Court of Appeals of Texas, Fourteenth District, HoustonJan 23, 2003
No. 14-02-00675-CR (Tex. App. Jan. 23, 2003)

No. 14-02-00675-CR

Affirmed and Opinion filed January 23, 2003. DO NOT PUBLISH. Tex.R.App.P. 47.2(b).

On Appeal from the 248th District Court, Harris County, Texas, Trial Court Cause No. 730,611

Panel consists of Justices YATES, ANDERSON, and FROST.

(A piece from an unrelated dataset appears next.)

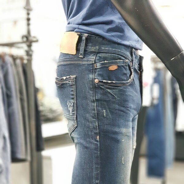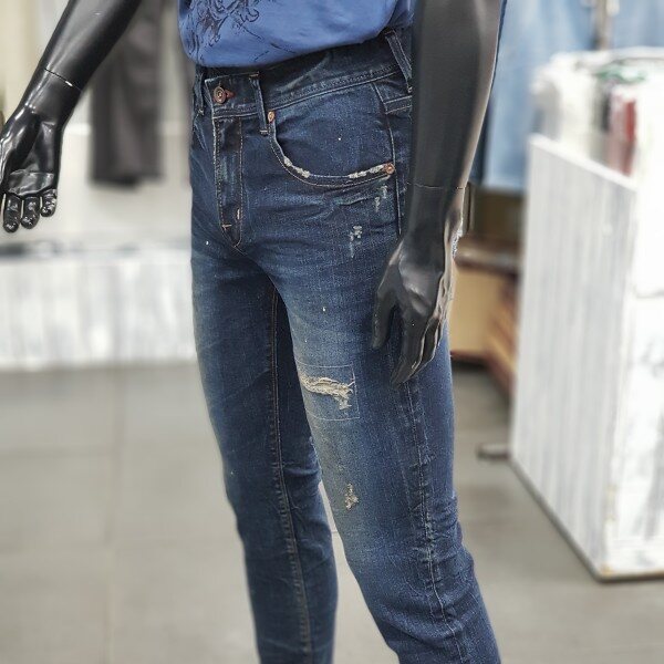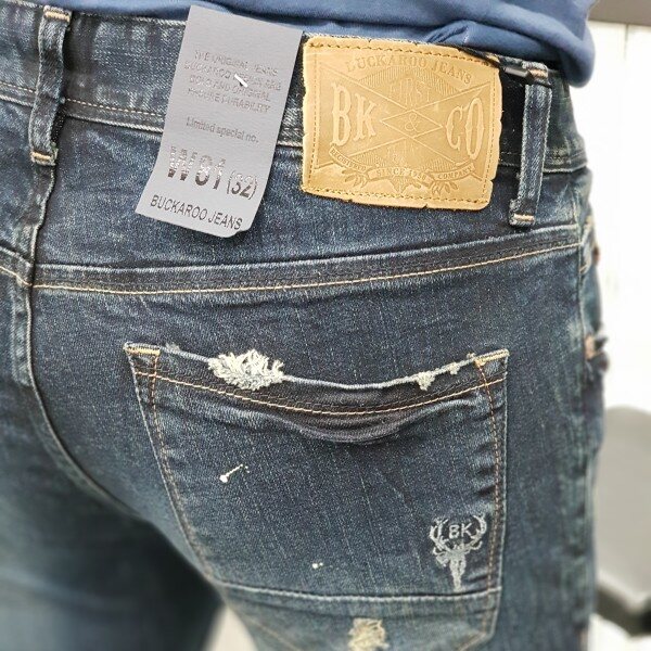 버커루 남성 리얼 데미지 스키니 데님팬츠입니다.데미지가 포인트가 되는 딥한 컬러감의 제품으로 워싱과 데미지 디테일이 아주 매력적인 제품입니다.

Appellant entered a plea of guilty before the jury to the offense of aggravated robbery. On December 13, 1996, the trial court, based on the jury's verdict on sentencing, placed appellant on probation for ten years. On April 3, 2002, the State filed a motion to revoke alleging appellant had violated the terms and conditions of his probation. On May 29, 2002, the State filed an amended motion. At the hearing, appellant pled true to the alleged violation. On June 14, 2002, the trial court granted the motion to revoke and sentenced appellant to ten years' confinement in the Texas Department of Criminal Justice — Institutional Division. Appellant filed a pro se notice of appeal. Appellant's appointed counsel filed a brief in which she concludes the appeal is wholly frivolous and without merit. The brief meets the requirements of Anders v. California, 386 U.S. 738, 87 S.Ct. 1396, 18 L.Ed.2d 493 (1967), by presenting a professional evaluation of the record demonstrating why there are no arguable grounds to be advanced. See High v. State, 573 S.W.2d 807 (Tex.Crim.App. 1978). A copy of counsel's brief was delivered to appellant. Appellant was advised of the right to examine the appellate record and file a pro se response. See Stafford v. State, 813 S.W.2d 503, 510 (Tex.Crim.App. 1991). As of this date, no pro se response has been filed. We have carefully reviewed the record and counsel's brief and agree the appeal is wholly frivolous and without merit. Further, we find no reversible error in the record. A discussion of the brief would add nothing to the jurisprudence of the state. Accordingly, the judgment of the trial court is affirmed.